Week8 E115L: Diploid selection and genetic drift

by Grace Yuh Chwen Lee, Winter 2025

Diploid selection

Most the organisms you could actually “see” are diploids. So, it is equally important to understand how selection may influence the changes in allele frequencies. The concept is important in many scenarios, e.g. plant and animal breeding (e.g., how fast could farmers select corn with 110% of the yield?), insecticide resistance (e.g., how quickly will the mosquito population all become insecticide resistant), adaptation (e.g., plants being resistant to salt water!), and many other.

A1A1 A1A2 A2A2
genotype frequency \(p^2\) \(2pq\) \(q^2\)
absolute fitness \(W_{11}\) \(W_{12}\) \(W_{22}\)
relative fitness \(\omega_{11}=1\) \(\omega_{12} = 1-hs\) \(\omega_{22} = 1-s\)


One major difference between diploid and haploid selection model is dominance coefficient h. Let’s look at the number of offspring produced by three genotypes. Which allele is dominant?

A1A1 A1A2 A2A2
100 100 50
100 50 50
100 75 50


The h value for the above three cases are 1 (A1 is dominant), 0 (A2 is dominant), and 0.5 (neither allele is dominant over the other allele). Note that h can take values beyond 0 and 1 (stay tuned).

What are the two components of fitness?

What are the possible units of absolute fitness?

Hint: think about what you are counting for your plant experiment.

A11 A12 A22
number of individuals 25 950 9025
genotype frequency ? ? ?
survival component 100% 50% 80%
fertility component 80 70 80
absolute fitness ? ? ?
relative fitness ? ? ?

For the above table, what is the initial allele frequency of A1?

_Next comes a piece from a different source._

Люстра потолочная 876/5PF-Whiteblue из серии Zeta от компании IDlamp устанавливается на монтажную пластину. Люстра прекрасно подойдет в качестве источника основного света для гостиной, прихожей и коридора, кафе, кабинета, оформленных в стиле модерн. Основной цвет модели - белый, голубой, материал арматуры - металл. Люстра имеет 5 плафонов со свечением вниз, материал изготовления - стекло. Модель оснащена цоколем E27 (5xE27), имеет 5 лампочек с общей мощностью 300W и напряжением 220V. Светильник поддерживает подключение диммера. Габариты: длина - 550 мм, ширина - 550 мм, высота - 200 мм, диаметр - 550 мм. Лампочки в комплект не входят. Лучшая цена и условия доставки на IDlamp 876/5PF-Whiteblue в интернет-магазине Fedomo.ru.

What is the selection coefficient (s)?

What is the dominance coefficient (h)?

Do you think A1 or A2 allele is “selected for”?

Will A1 and A2 increase in allele frequency?

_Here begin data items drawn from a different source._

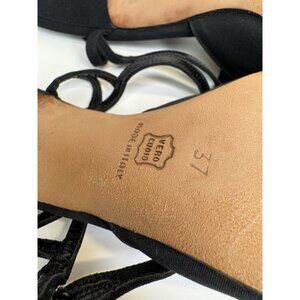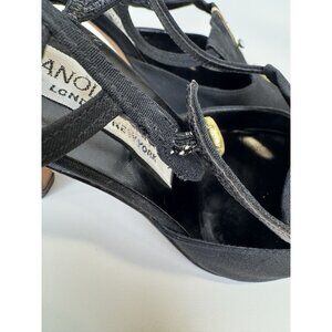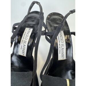 Vintage Manolo Blahnik Size 37 6 Heels Slingback Pointy Black Gold Fabric
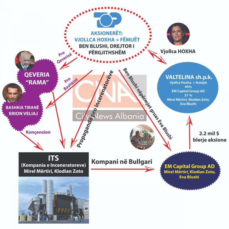 Nga ana tjetër është po Top Channel që ngrinte zjarr e flakë për mbetjet në Durrës, për Porto Romanon, kronika, lajme, emisione speciale për inceneratorët si një sukses i madh. Janë me miliona e miliona të paguara në llogaritë e këtij televizoni nga kompanitë e inceneratorëve dhe njerëzit e tyre, pa folur për ortakërinë e Vjollca Hoxhës me Mirel Mërtirin, Klodian Zoton dhe Eva Blushin.
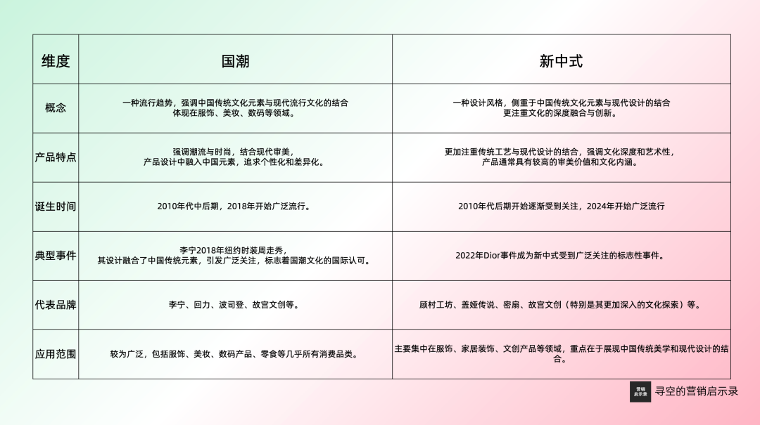 虽然新中式是紧随国潮之后的中式潮流,但二者并不相同,以下是二者的区别。
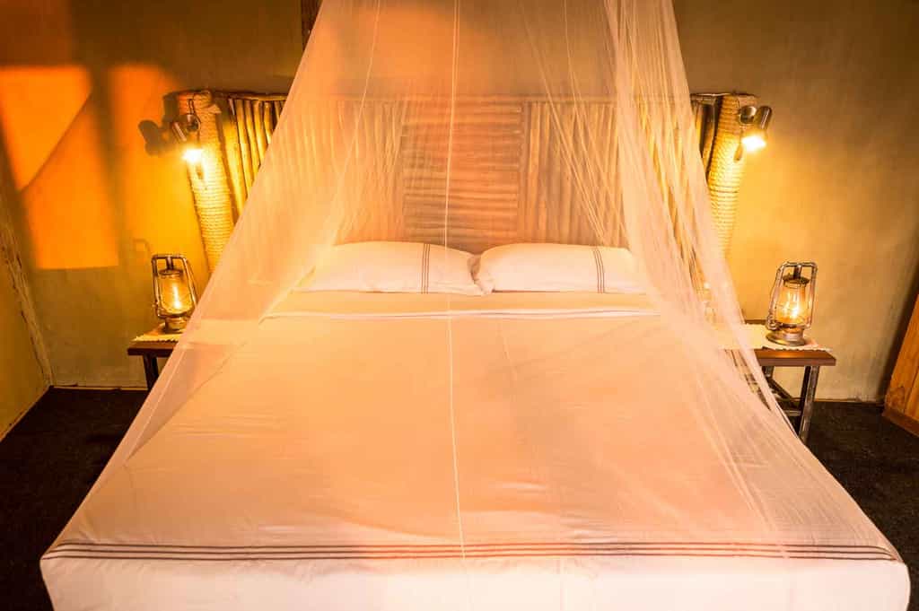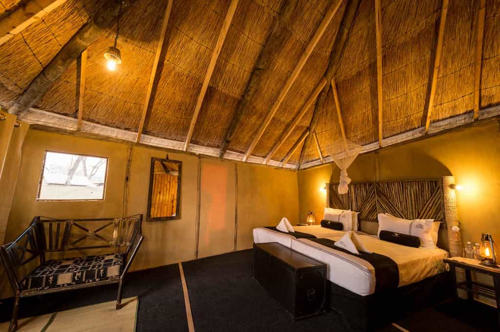 Five rounded canvas tents, including one honeymoon tent, are built on slightly raised wooden decks along the edge of the lagoon. Double or twin beds draped with mosquito nets fill most of the space, with the rest taken up with an en-suite bathroom furnished with basin, toilet and outdoor shower (honeymooners also have a tub). Air-conditioning is most welcome, since it can get extremely hot in September/October, and extra blankets are provided for warmth in June/July.

With \(p\) being the frequency of A1 allele and \(q\) being the frequency of A2 allele (and remember \(p+q = 1\)), the frequency of A1 allele in the next generation is:

\(p_{t+1} = \frac{W_{11}p_{t}^2+W_{12}p_{t}q_{t}}{\bar{W}}\)


Again, the absolute fitness is irrelevant; what matters is the relative fitness. The above could be represented as

\(p_{t+1} = \frac{\omega_{11}p_{t}^2+\omega_{12}p_{t}q_{t}}{\bar{\omega}}\)

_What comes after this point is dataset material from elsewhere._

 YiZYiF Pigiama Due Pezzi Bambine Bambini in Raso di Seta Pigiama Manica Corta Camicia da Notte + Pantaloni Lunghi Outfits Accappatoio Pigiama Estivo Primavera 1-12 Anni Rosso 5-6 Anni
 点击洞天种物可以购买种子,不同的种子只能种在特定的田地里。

Changes in allele frequency in one generation is then

\(\Delta p_{t} = p_{t+1}-p_{t} = \frac{\omega_{11}p_{t}^2+\omega_{12}p_{t}q_{t}}{\bar{\omega}} - p_{t}\)


Let’s incorporate \(s\) and \(h\) (i.e., \(\omega_{12} = 1-hs\) and \(\omega_{22} = 1-s\)), the changes in allele frequency can be represented as

\(\Delta p_{t} = \frac{p_{t}hs + q_{t}s(1-h)}{\bar\omega}p_{t}q_{t}\)

When \(s > 0\) (i.e., A1A1 individuals are selected for), can you say whether \(\Delta p_{t}\) is always positive or negative? Compare to the case for haploid.

When \(\Delta p_{t}\) is positive, is the frequency of A1 allele increasing or decreasing? How about when the value is negative?

Let’s define a function to predict A1 allele frequency of the next generation with different s and h. Remember that \(p+q = 1\), so we only need to specify \(p\) in the function.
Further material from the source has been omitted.